Under the reign of Castro in the 1960s and ‘70s, however, Arenas and all like him undergo brutal persecution. Most of his story is a long and protracted struggle against that persecution. He flees, is jailed, hides his manuscripts. Arenas’ acts of self-preservation, and his efforts to smuggle his writings abroad, register as ingenious and heroic gestures of survival. Exile to America in the 1980s brings a different kind of struggle and sadness to Arenas’ journey.
The villain in this story is the Cuban state under Castro – militaristic, macho, destructive of culture. This society is portrayed as one vast prison. In case we are in any danger of missing the underlying dichotomy, Schnabel has Johnny Depp play a bizarre twin-set dual cameo: first as Lieutenant Victor, a stern cop over whom Arenas homoerotically fantasises; then as Bon Bon, an extravagant gay diva who aids the writer in prison.
There are vivid passages in Before Night Falls, especially those devoted to recreating the Cuba of the ‘60s. The music score by Lou Reed, Laurie Anderson and Carter Burwell (best known for his work for the Coen brothers) is well used. Bardem’s performance is superb in its nuanced range of moods and emotions. But, on the whole, it is a thin, dissatisfying film. Although the recited excerpts from Arenas’ work are impressive, it is hard to get a clear fix on what kind of writer he really was – how he mixed autobiography and fiction, for instance, or which Latin American traditions he reworked to his own ends. And shots of someone merrily hitting typewriter keys or scribbling out a few words never, ever come close to conveying an author’s real labour.
Another, rather annoying form of cultural inexactness is evident in the film’s use of language.
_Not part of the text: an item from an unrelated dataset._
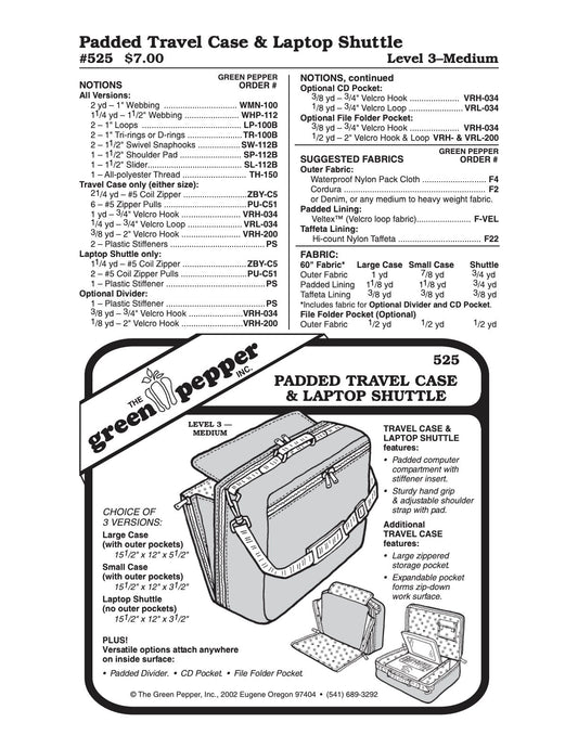 Padded Briefcase & Laptop Shuttle Pattern - 525 - The Green Pepper Patterns

Like any mainstream Hollywood movie past or present, it chooses to have its Cuban characters speaking mostly in English. But once Arenas hits America, it occasionally switches to Spanish with English subtitles!
Most damagingly, Schnabel is overly conscious of his own signature as an artist. What this means, in effect, is that both Basquiat and Arenas in turn are processed through Schnabel-style imagery that often borders on high-tone kitsch. So, just as in Basquiat, we get dream-visions of watery bliss and weightless flight; memory flickers of lost parents and idyllic childhood moments; and strange little detours into whimsy or terror that abruptly turn out to be dreams or reveries.
Also common to both films is a rather fatalistic view of the artist-outsider or Golden Child figure as eternally doomed. According to Schnabel, the suffering of Basquiat and Arenas is only partly explained by social factors; these movies promote a vague, fuzzy pathos about men whose very personal death-drives seem inextricably bound up with their choice of artistic idiom and their morally unconventional lifestyles. But Arenas as imagined by Schnabel, just like Basquiat, is forever haunted by disquieting memories and fatalistic premonitions; he is the eternal non-conformist and “exile” from all societies.
Ultimately, Schnabel seems simply too enamoured by the exoticness of his subject in Before Night Falls – and too willing to entertain a black-and-white view of the gifted individual pitted against the rest of the world. But, at least, I did come away from it with a strong desire to hunt out the books of Reinaldo Arenas.